- Hangul: 하
- Hanja: 河; 夏
- RR: Ha
- MR: Ha

= Ha (Korean surname) =

Ha is a Latin alphabet rendition of the Korean family name "하", also often spelled Hah or less commonly as Har. As of the South Korean census of 2000, there were 213,758 people by this name in South Korea, or roughly 0.5% of the population.

== Clans ==
The bon-gwan, or clan homes, of the three most representative clans include Jinju, Ganghwa, and Aneum, the present-day Hamyang.

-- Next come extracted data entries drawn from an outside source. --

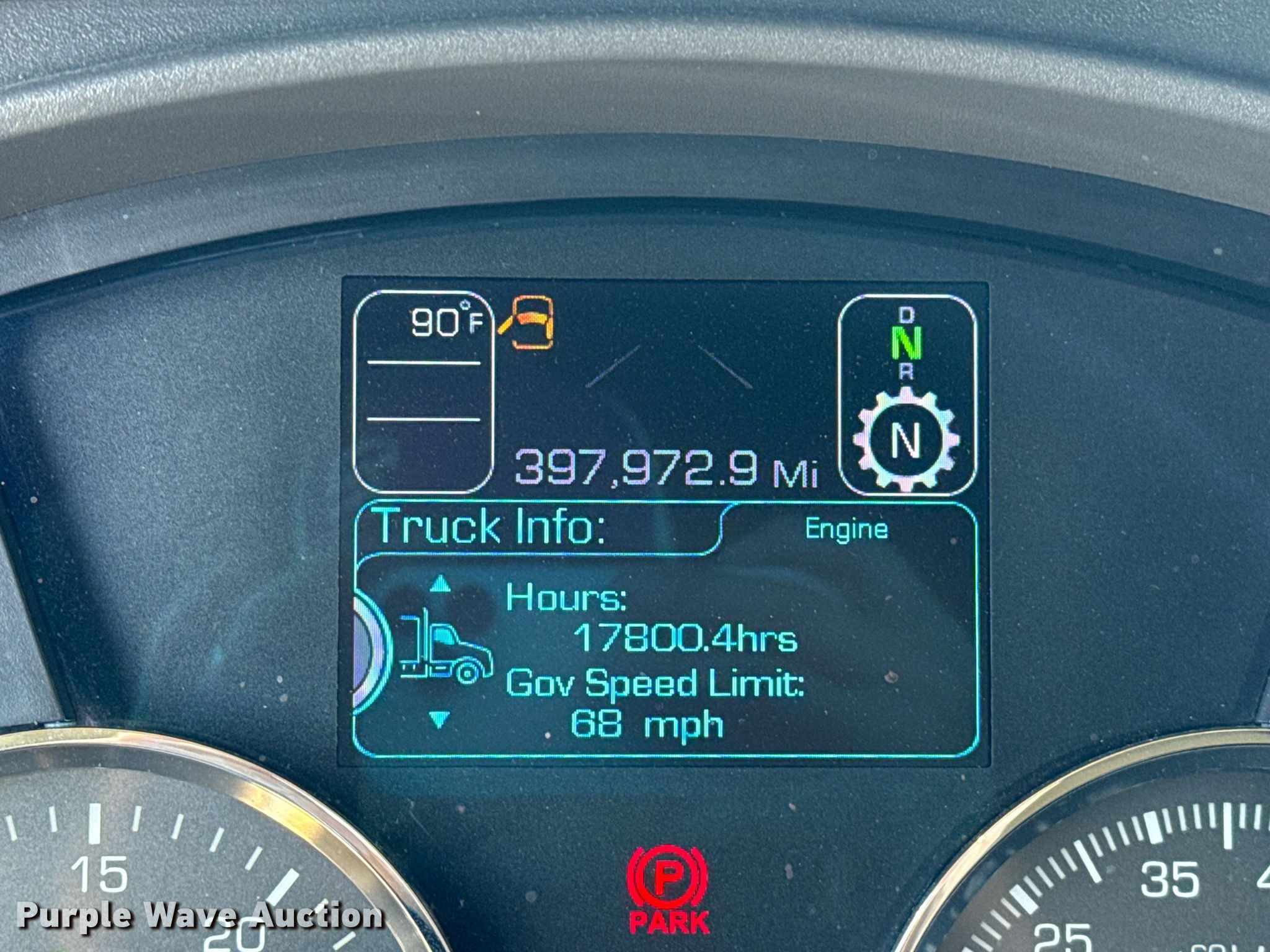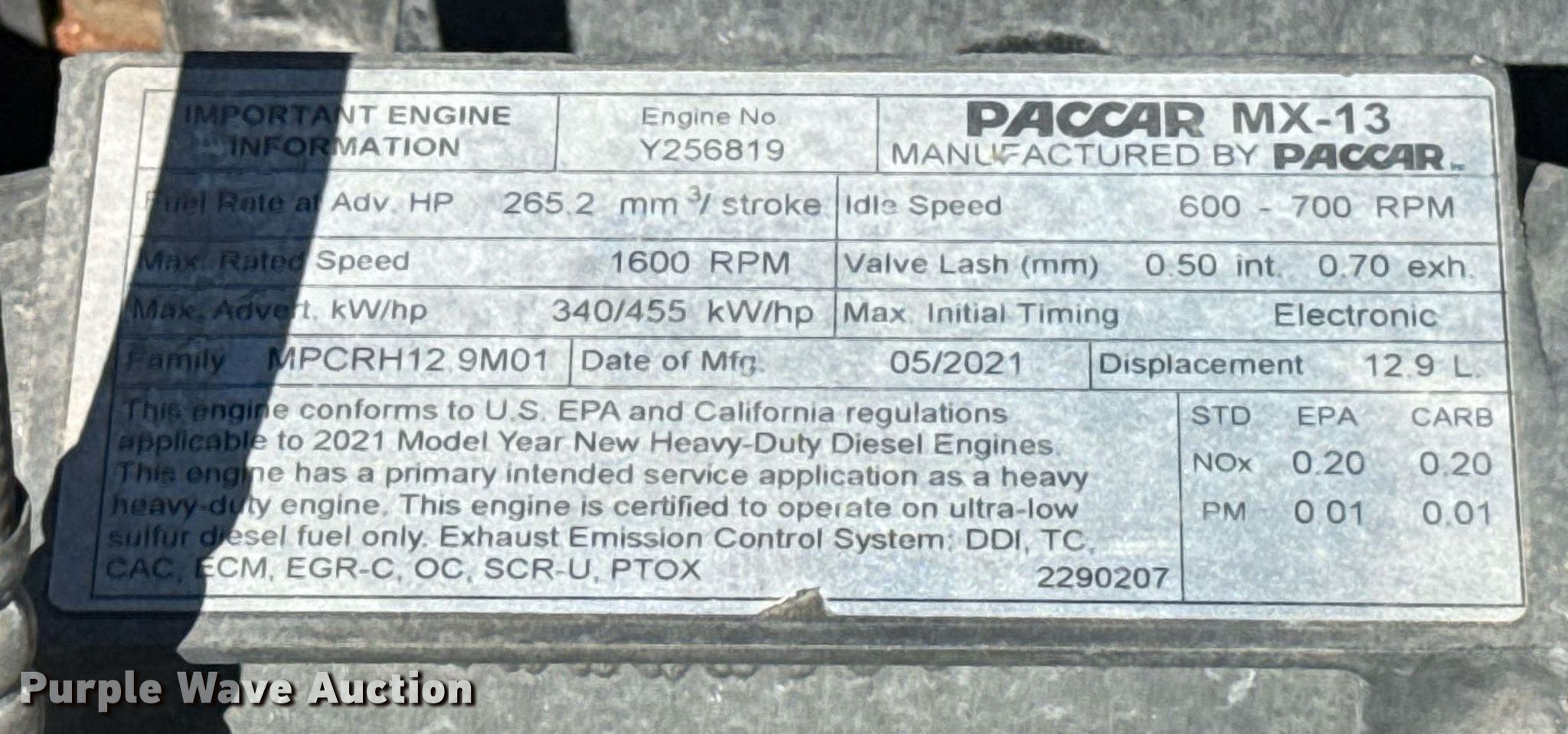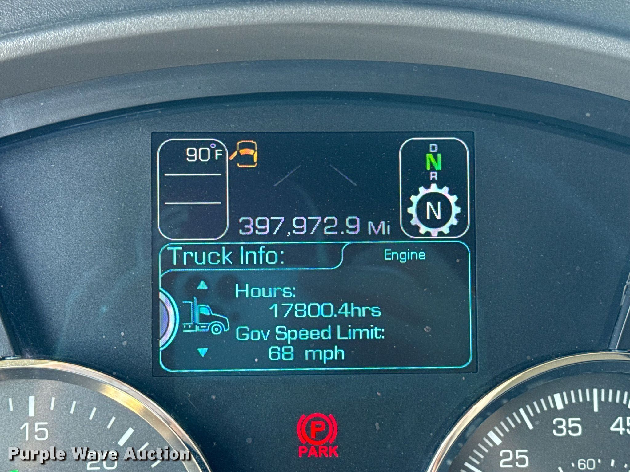 2022 Kenworth T680 semi truck. Miles: 397,973 on odometer, Engine hours: 17,800 hours, VIN: 1XKYDP9X9NJ130462, Unit #: 22573. Engine Paccar MX13, Serial: Y256819, Displacement: 12.9L, Cylinders: 6, Fuel type: Diesel, HP: 455, kW: 340, Engine brake. Transmission Automated manual. Chassis Axles: Tandem, Differential lock: Inter-axle, Suspension: Air Dump valves, Brakes: Air, PTO, GVWR: 50,500 lbs FAWR: 12,500 lbs, IAWR: 19,000 lbs, RAWR: 19,000 lbs. Interior AC, Heat, Heated mirrors, Power windows, Power locks, Cruise control, Air ride cab, Sleeper Sleeper length: 63", Beds: Single, Refrigerator, Microwave, Rear climate control. Features Deck plate: Aluminum, Fifth wheel type: Fixed, Fuel tank: Dual. Tires Front: 295/75R22.5, Rear: 445/50R 22.5. Notes Dash warning indicator: Check engine. Oklahoma title. Title distribution may be delayed up to 30 days from verification of funds. Gemini Motor Transport. Oklahoma City, OK 73127
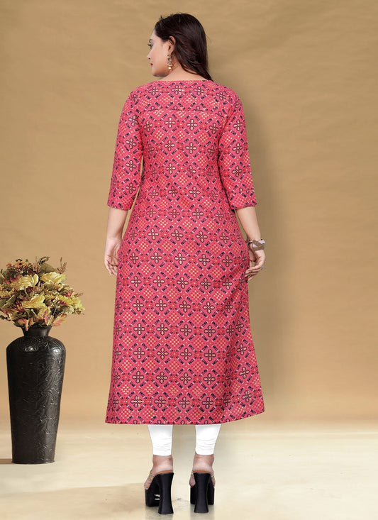 Casual Kurti Rayon Pink Foil Print
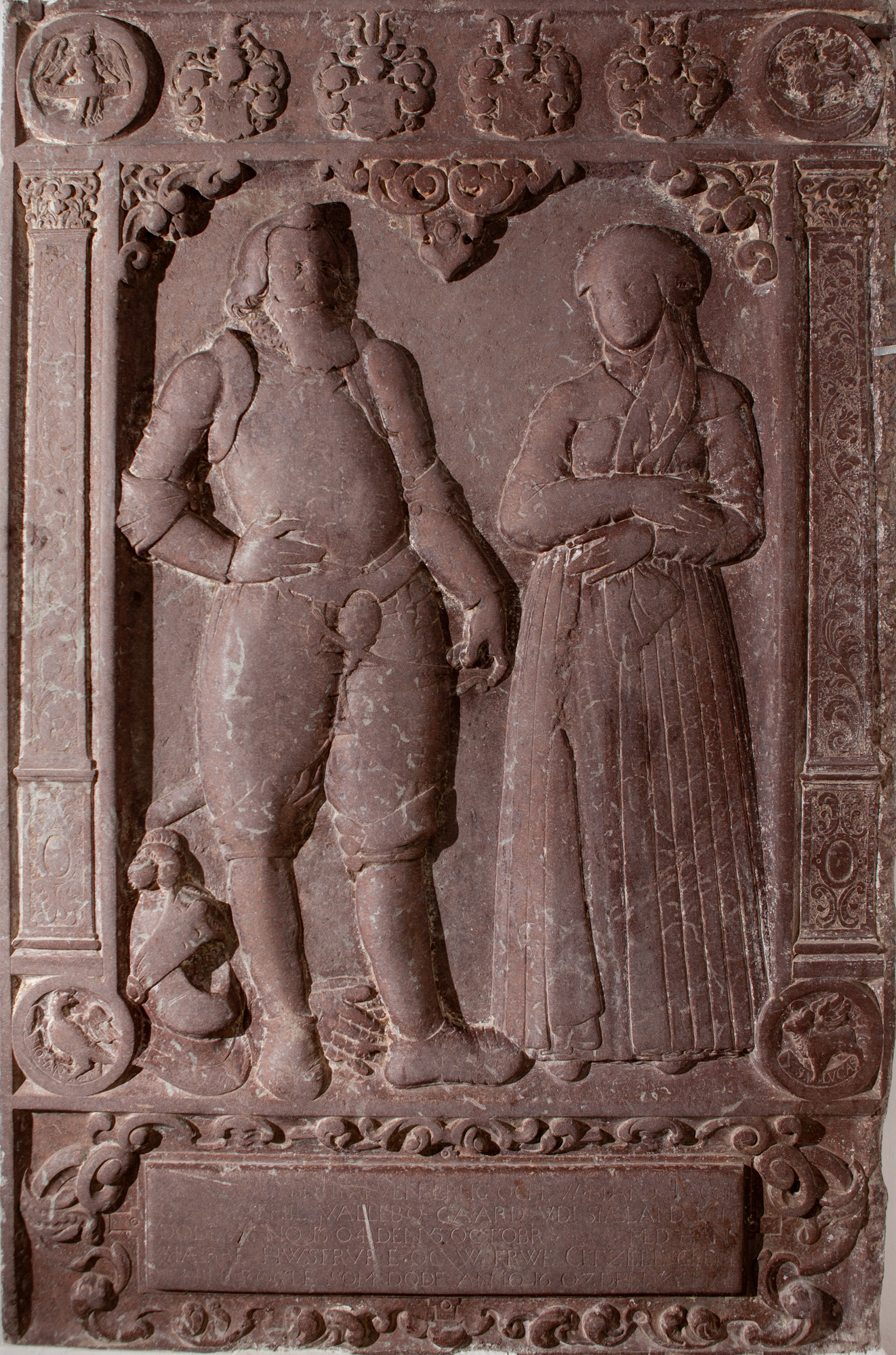 Det er en sen anvendelse af buer over personerne. Pilastrene står på en høj sokkel, og de nederste evangelistsymboler er anbragt over soklen. Mellem de to øverste evangelistsymboler er fire hjelmede våbenskjold. Han er iført rustning, hjelm med visir samt handsker ligger ved hans fødder. Med venstre hånd holder han på skæftet på sit sværd. Hun er iført en lang kjole og holder hænderne foran livet. Både buerne udgøres delvist af bruskbarok, og udsmykningen omkring tekstfeltet i soklen består udelukkende af bruskbarok.
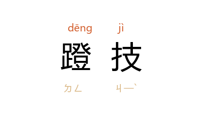 ⒈ 一种传统的杂技节目。演员仰卧,两足向上,推动所蹬之物,使之旋转、翻滚,也可使之平衡而不倒。有蹬缸、蹬桌、蹬人、蹬伞、蹬梯等种种花样。
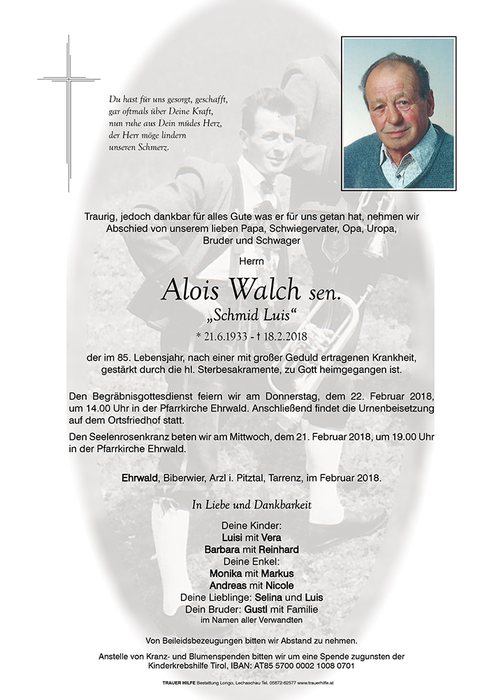 Kondolenzbuch für Alois Walch
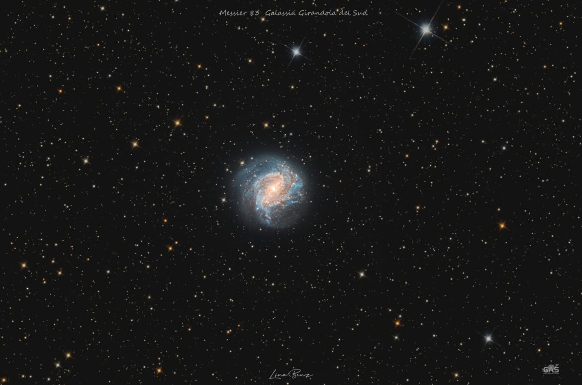 Galassia Girandola del Sud (nota anche come M83 o NGC 5236) è una galassia a spirale intermedia visibile nella costellazione dell’Idra. È una delle galassie a spirale più vicine e luminose nel cielo, ed è individuabile anche con un binocolo. Il suo nome “Galassia Girandola” è dovuto ai suoi bracci a spirale. M83 appare vista quasi perfettamente di faccia, pertanto è ben studiata e le sue strutture dei bracci sono ben conosciute, la sua distanza è stimata sui 15 milioni di anni luce appena, diventando così una delle galassie più vicine a noi. Il suo moto nello spazio tuttavia la fa allontanare da noi alla velocità di 337 km/s.
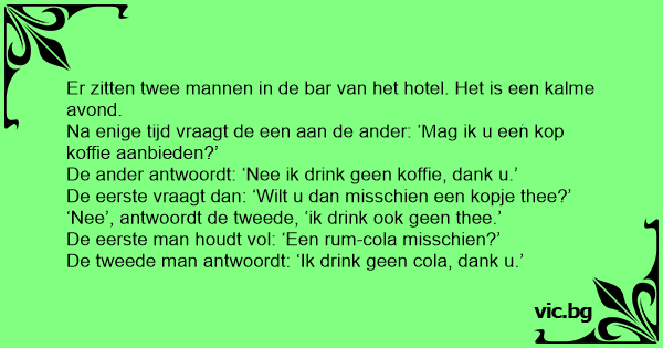 De tweede man antwoordt: ‘Ik drink geen cola, dank u.’
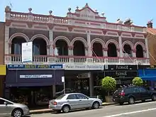 Mosman's shopping centre is located along Military Road, which features many boutiques, cafes and restaurants. The shopping centre extends from the intersection with Bradley's Head Road and Middle Head Road and continues north up past the intersection with Spit Road at Spit Junction. It continues for some distance along both Spit Road and Military Road and extends down some of the side streets. Mosman Council has identified the early 20th century shopping strip along Military Road as a conservation area. The awnings along the street were originally column-supported.[38] A small shopping mall called Bridgepoint is located at Spit Junction. The Military Road Conservation Area also includes the row of shops at 581-595 Military Road, on the southern side of Military Road between the Town Hall and the Library Walk shopping complex. These shops, built from 1900 to 1904, were designed by Henry Austin Wilshire, and are included on the NSW Heritage database.[39]
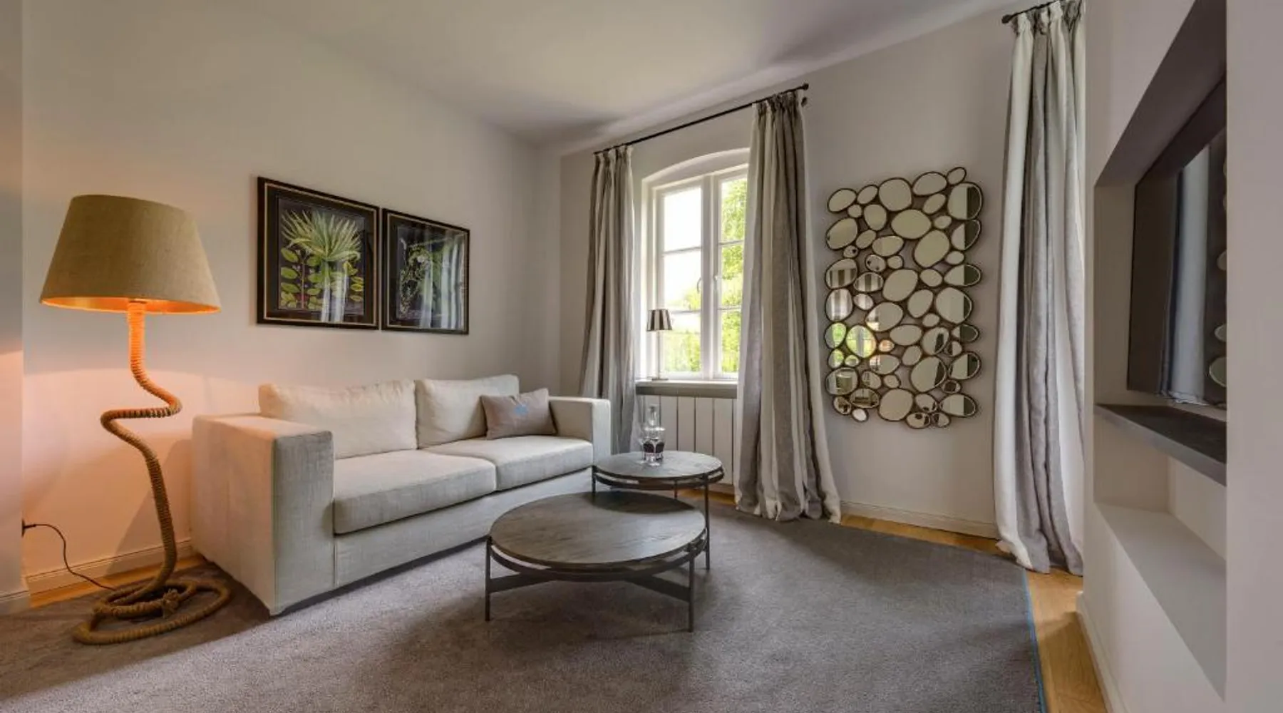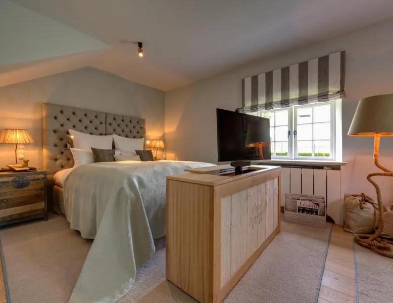 As a private nature luxury resort, WEISSENHAUS is a true retreat for the soul, offering a welcome escape from everyday life. A maximum of 120 adult guests aged 12 and above, primarily spa and culinary enthusiasts seeking relaxation, experience our hospitality in an impressive 75-hectare natural setting directly at the beach. A variety of living experiences await you in individually and carefully designed suites and rooms at Weissenhaus, each one absolutely unique, offering the ideal living comfort tailored to the needs of the guests. The private bathrooms are of course all equipped with complimentary toiletries and bathrobes, a hairdryer is of course provided as well. Guests also enjoy a complimentary mini-bar (refilled daily) as well as a selection of coffee and tea. In the heart of the resort, the castle, you will find a library, smokers lounge, billiard room, a mirror lounge with open fire place, a cinema as well as an elegant vaulted bar, where the restaurant ASIABAR is located. Enjoy an unforgettable dinner in the restaurant BOOTSHAUS, overlooking the Baltic Sea and enjoy unique sunsets over the water. At the natural beach and in the gardens, guests are offered free wicker beach chairs during the summer season. The Schlosstherme is set on 9843 ft² and includes a heated indoor & outdoor pool, hot saltwater whirlpool, Onsen Pool, sauna world with 6 different saunas, SoleWaldraum and fitness area. Guests may unwind completely with a wide choice of spa treatments (at an extra charge) or enjoy a healthy snack in the Vitalbar. An exquisite breakfast is served until 12:00 in the Kavaliershaus in various salons with a view of the castle grounds. Guests can explore romantic pathways over the linden tree-lined alley or the art workshop at the lake platform. at the castle lot as well as the Kunstatelier am Seesteg. Business and private events can also be hosted on site. This luxurious suite features a private pool, a hot tub and a sauna. Featuring a private entrance, this air-conditioned suite consists of 1 living room, 2 separate bedrooms and 2 bathrooms with a bath and a shower. Meals can be prepared in the kitchenette, which is equipped with a dishwasher, an oven and a microwave. The spacious suite provides a mini-bar, a tea and coffee maker, a seating area, a flat-screen TV with satellite channels, as well as garden views. The unit offers 2 beds.
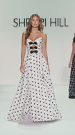 Strapless taffeta with bow bodice and slit skirt.

Jinju Ha clan is divided into Shirang branch (시랑공파, 侍郞公波) founded by Ha Gong-jin (하공진, 河拱辰), Sajik branch (사직공파, 司直公波) founded by and Ha Jin (하진, 河珍), and Dangye branch (단계공파, 丹溪公波) founded by Ha Seong (하성, 河成). Although the three branches seemed to have shared the single common ancestor at one point at least in Silla era, it is unclear which branch was the earliest to emerge. All of the three founders served as the officials during Goryeo era. The clan is sometimes referred as Jinyang Ha clan as Jinyang was the old name for the City of Jinju.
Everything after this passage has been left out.